5.              a) Au vu des circonstances du cas d'espèce, il apparaît justifié de renvoyer le dossier à l'OAI pour complément d'instruction sur le plan médical. A cet égard, il appartiendra à l'office intimé soit de faire convoquer l'assurée par les médecins du SMR, soit d'ordonner une expertise psychiatrique auprès d'un expert indépendant (art. 44 LPGA). Cela étant, il est précisé que le droit à la demi-rente (au moins) n’est pas discuté et doit à tout le moins être maintenu.

 

              b) En définitive, le recours doit être admis. La décision attaquée, en tant qu’elle porte sur la période du 1er septembre 2009 au 28 février 2010, doit être réformée en ce sens que la recourante a droit à une rente entière d’invalidité, et, en tant qu’elle porte sur la période du 1er au 31 août 2009 ainsi que sur la période postérieure au 28 février 2010, doit être annulée et la cause renvoyée à l'autorité intimée pour qu'elle rende une nouvelle décision après avoir procédé à un complément d'instruction conformément aux considérants du présent arrêt, le droit à la demi-rente (au moins) étant maintenu.

 

              c) En dérogation à l’art. 61 let. a LPGA, la procédure de recours en matière de contestations portant sur l’octroi ou le refus de prestations de l’AI devant le tribunal cantonal des assurances est soumise à des frais de justice (art. 69 al. 1 bis LAI).

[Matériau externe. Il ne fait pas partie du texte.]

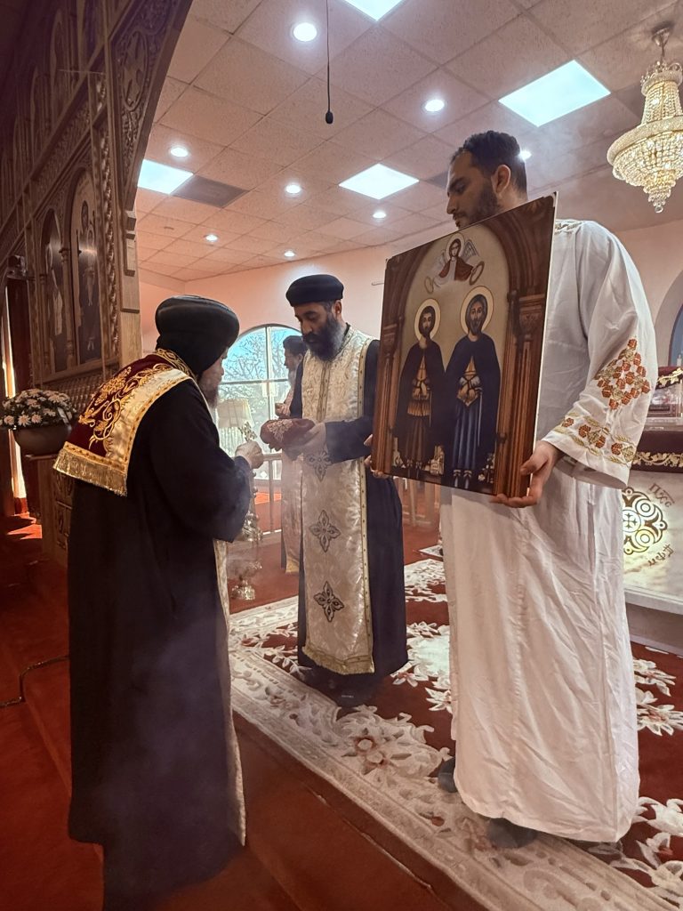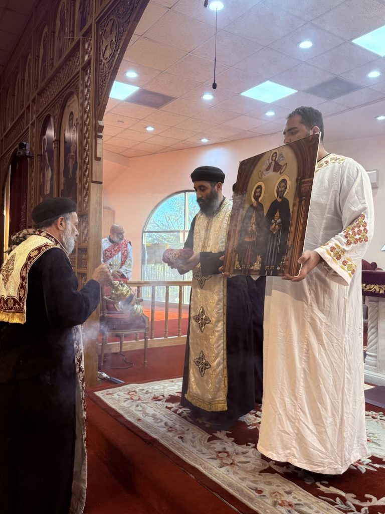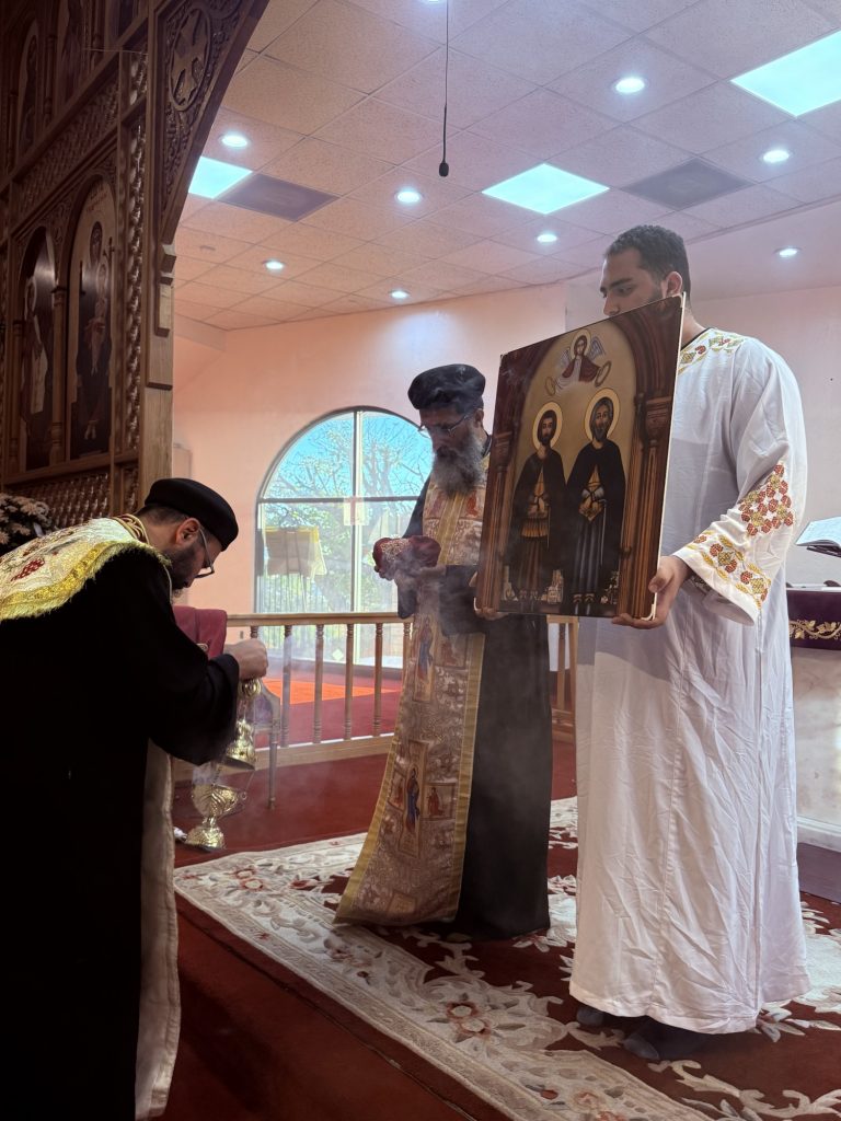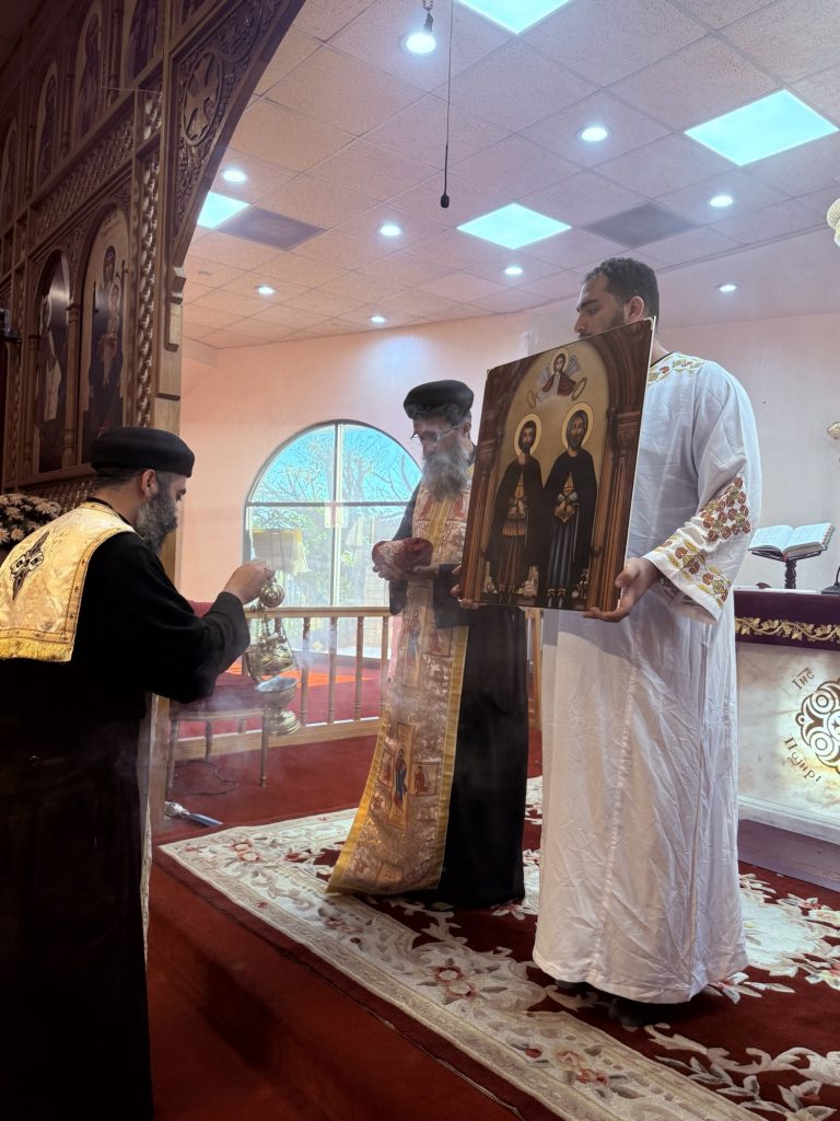 Participated in the Vespers Prayer were Hegumen: Fr. Mina Girgis, Presbyters: Fr. Mark Malak, Fr. Paul Isaac, Fr. Joseph Gorgi, Archdeacon: Karas Milik, and Deacon: Mikhail Hanna.
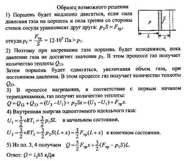 В горизонтальном цилиндрическом сосуде, закрытом поршнем, находится одноатомный идеальный газ. Первоначальное давление p = 4 • 10^5 Па. Расстояние от дна сосуда до поршня L = 30 см. Площадь поперечного сечения поршня S = 25 см^2. В результате медленного нагревания газа поршень сдвинулся на расстояние х = 10 см. При движении поршня на него со стороны стенок сосуда действует сила трения величиной F_(тр) = 3•10^3 H. Какое количество теплоты получил газ в этом процессе? Считать, что сосуд находится в вакууме.
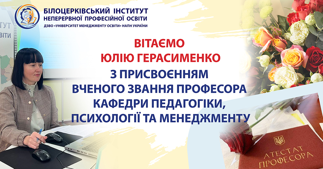 ВІТАЄМО ЮЛІЮ ГЕРАСИМЕНКО З ПРИСВОЄННЯМ ВЧЕНОГО ЗВАННЯ ПРОФЕСОРА
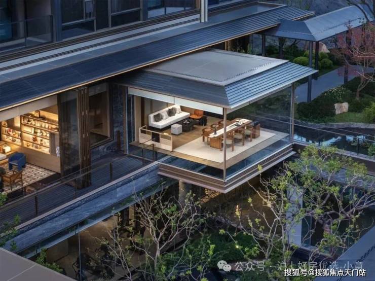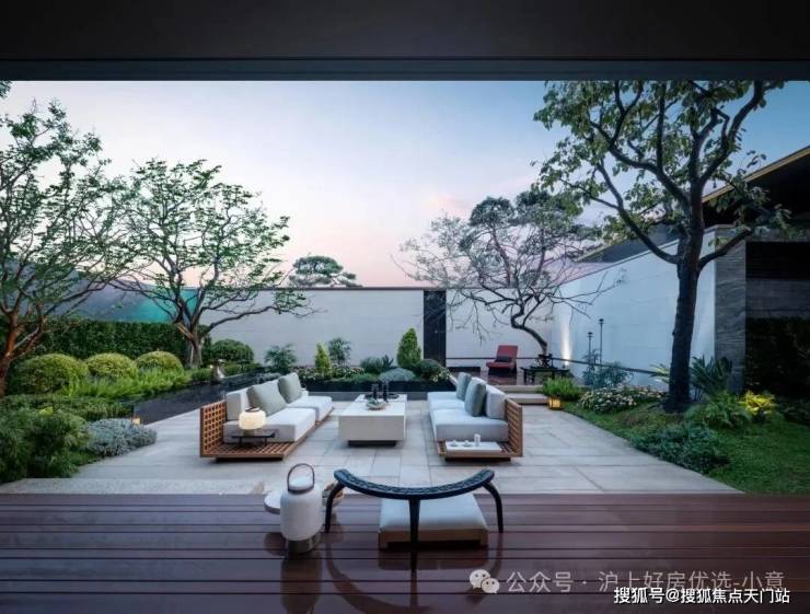 庭院的选材也极具讲究: 太行山金景石堆叠成小山丘, 岭南古桩铁冬青与 中华原生乌桕树移栽而来,蕴含 “聚财守业”的美好寓意。 细节之处,经得起推敲,让人越看越有味道。
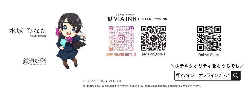ヴィアインホテルズの客室で使用されているオリジナルインバス、オリジナルルームウェア(一部店舗)、ヴィアインホテルズの鉄道むすめ(※)水城 ひなたグッズなど、ヴィアインホテルズオンラインストアで好評販売中の商品を店頭で販売いたします。
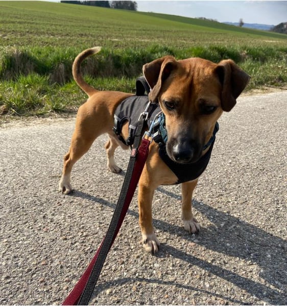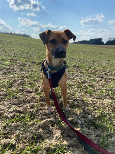 Rudolf kennt Halsband, Geschirr und Leine und lässt sich diese unbeeindruckt an- und ausziehen. Draußen zeigt sich Rudolf neugierig und aufmerksam. Er erkundet interessiert seine Umgebung und entwickelt Freude an Bewegung. Das Laufen an der Leine wird aktuell noch geübt. Hier braucht er weiterhin Unterstützung und Menschen, die ihm Sicherheit geben, denn aktuell reagiert er Überforderung noch mit Bellen.
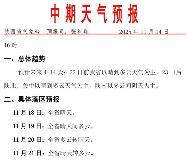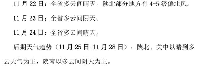 预计未来4-14天:22日前我省以晴到多云天气为主。23日后陕北、关中以晴到多云天气为主,陕南以多云间阴天为主。
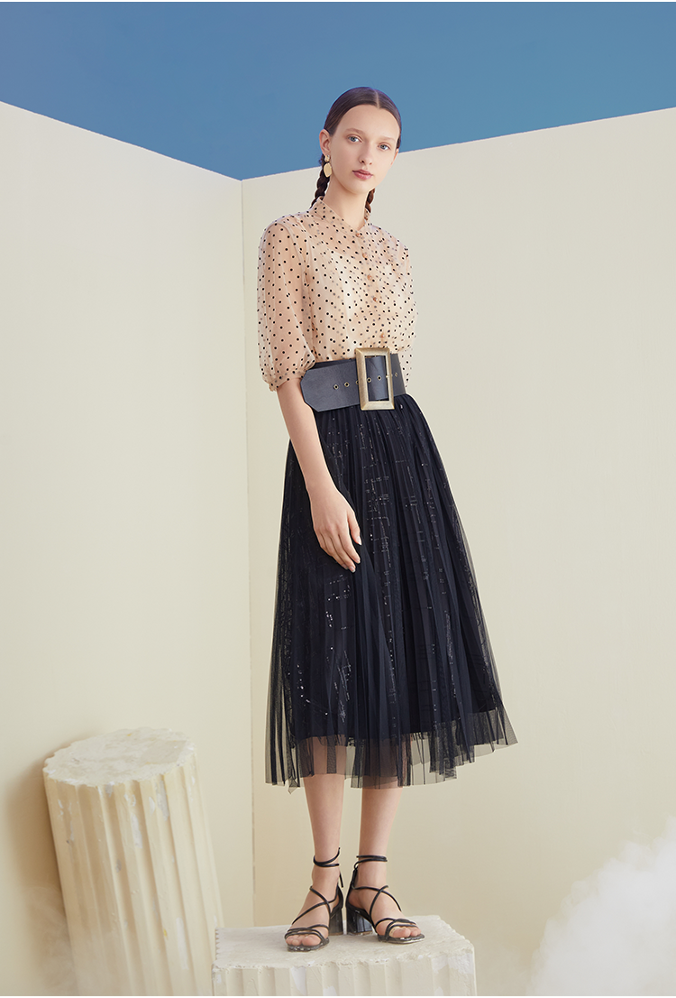 搭配黑色半裙 浪漫而自在
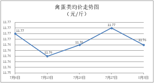 禽蛋类商品价格小幅波动。所监测的5种禽蛋类商品价格波动情况为2涨1跌2平,综合零售均价为每斤11.76元,环比下降0.05%。其中:白条鸡、白条鸭零售均价分别为每斤20.66元、15.42元,环比分别下降0.24%、上涨0.06%;鸡蛋、鸭蛋零售均价分别为每斤6.53元、7.07元,环比分别上涨0.15%、持平。
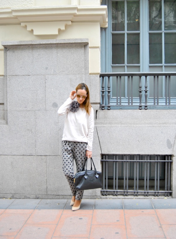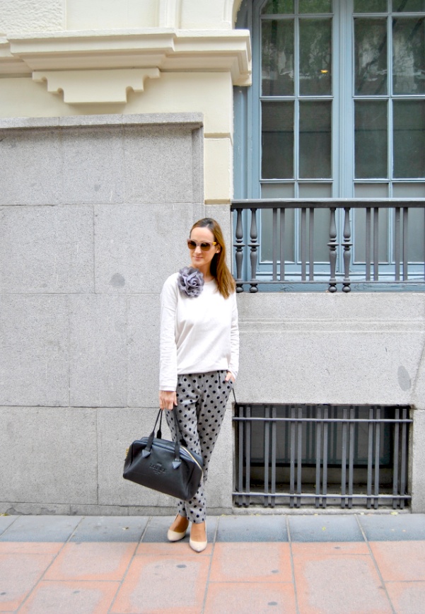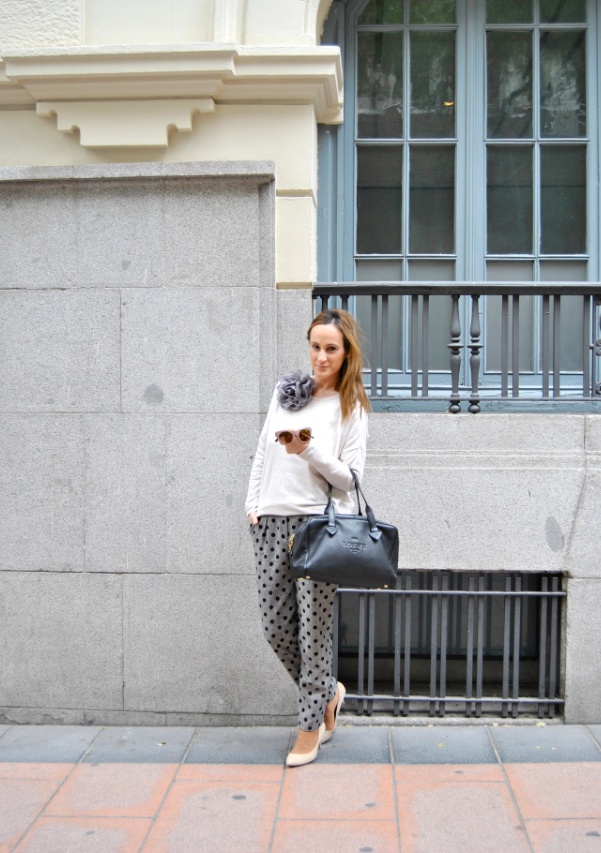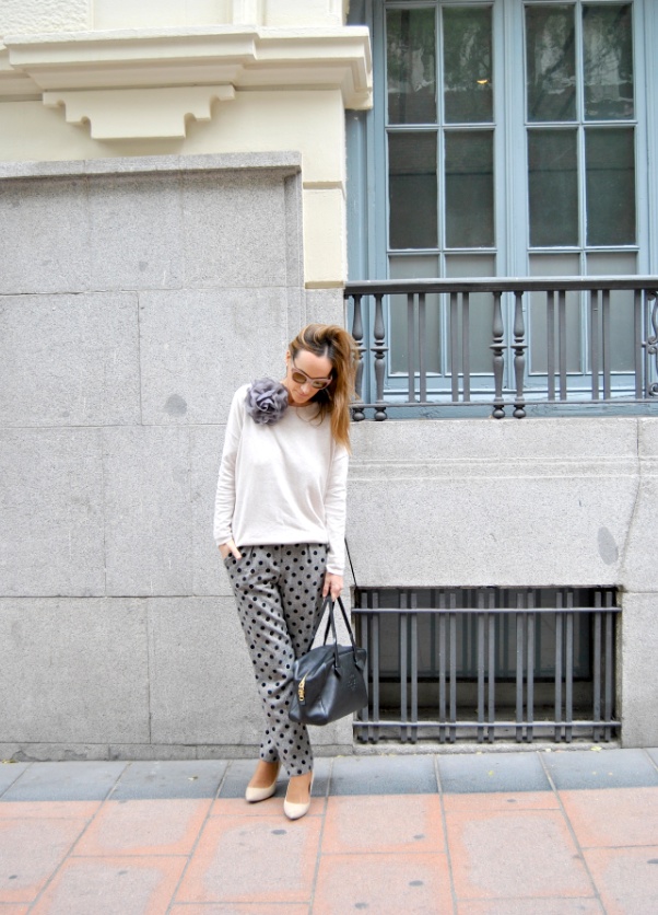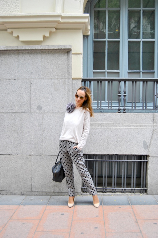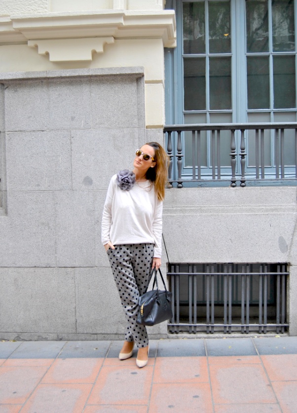 Como soy así de cabezota que hasta que no consigo algo no paro de buscar pues al fin encontré esta. La compré en el Rastrillo Nuevo Futuro del que os hablé el lunes, también os puse un canotier por las redes sociales que os enloqueció. Es verdad que en un principio me echó un poco para atrás el precio pero finalmente volví a por ella. No me digáis si no la puse en el lado correcto, a la altura perfecta porque francamente me da lo mismo. Me la vi bien ahí y se quedó tal cual. Lleva una pinza y un imperdible así que opté por la pinza al cuello para no estropear el jersey. Los pantalones son otra de mis pasiones de mi vestidor… son de Coosy, jersey y zapatos de Zara y bolso de Loewe. Mil besos en el corazón, mañana más.
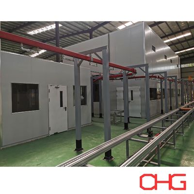 A seção de pré-tratamento utiliza um sistema de transportador de solo tipo skid para transporte estável de componentes pesados de gabinetes, enquanto as seções de pulverização a pó e cura adotam um sistema de transportador aéreo operando em velocidade constante para garantir uniformidade de revestimento e eficiência de produção.
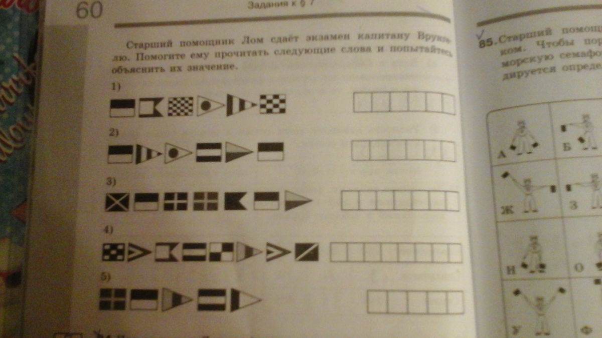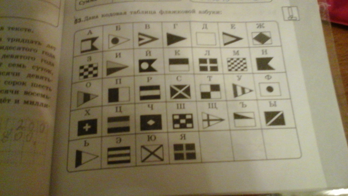 Дана кодовая таблица флажковой азбуки:фото 1. Помогите прочитать следующие слова и попытайтесь их объяснить значение фото 2

Ceux-ci sont supportés par la partie qui succombe (art. 49 al. 1 LPA-VD). Toutefois, selon l'art. 52 LPA-VD, des frais de procédure ne peuvent être exigés de la Confédération et de l'Etat, auxquels doivent être assimilés les offices chargés de l'exécution de tâches de droit public, comme les offices AI des cantons selon les art. 54 ss LAI. Le présent arrêt sera donc rendu sans frais. La recourante, qui a procédé seule, n'a pas droit à des dépens (art. 55 al. 1 LPA-VD; 61 let. g LPGA).

 

Par ces motifs,

la Cour des assurances sociales

prononce :

 

              I.              Le recours est admis.

 

              II.              En tant qu'elle porte sur la période du 1er septembre 2009 au 28 février 2010, la décision rendue le 25 novembre 2010 par l'Office de l'assurance-invalidité pour le canton de Vaud est réformée en ce sens que W.________ a droit à une rente entière d'invalidité.

 

              III.              Dans la mesure où elle porte sur la période du 1er au 31 août 2009, ainsi que sur la période postérieure au 28 février 2010, la décision rendue le 25 novembre 2010 par l'Office de l'assurance-invalidité pour le canton de Vaud est annulée et l'affaire renvoyée à cet Office pour instruction complémentaire et nouvelle décision au sens des considérants, le droit à la demi-rente étant maintenu.

 

              IV.              Il n'est pas perçu de frais de justice ni alloué de dépens.

 

 

La présidente :               La greffière :

 

 

Du

 

              L'arrêt qui précède, dont la rédaction a été approuvée à huis clos, est notifié à :

 

‑              W.________

‑              Office de l'assurance-invalidité pour le canton de Vaud

-              Office fédéral des assurances sociales

 

par l'envoi de photocopies.

 

              Le présent arrêt peut faire l'objet d'un recours en matière de droit public devant le Tribunal fédéral au sens des art. 82 ss LTF (loi du 17 juin 2005 sur le Tribunal fédéral ; RS 173.110), cas échéant d'un recours constitutionnel subsidiaire au sens des art. 113 ss LTF. Ces recours doivent être déposés devant le Tribunal fédéral (Schweizerhofquai 6, 6004 Lucerne) dans les trente jours qui suivent la présente notification (art. 100 al. 1 LTF).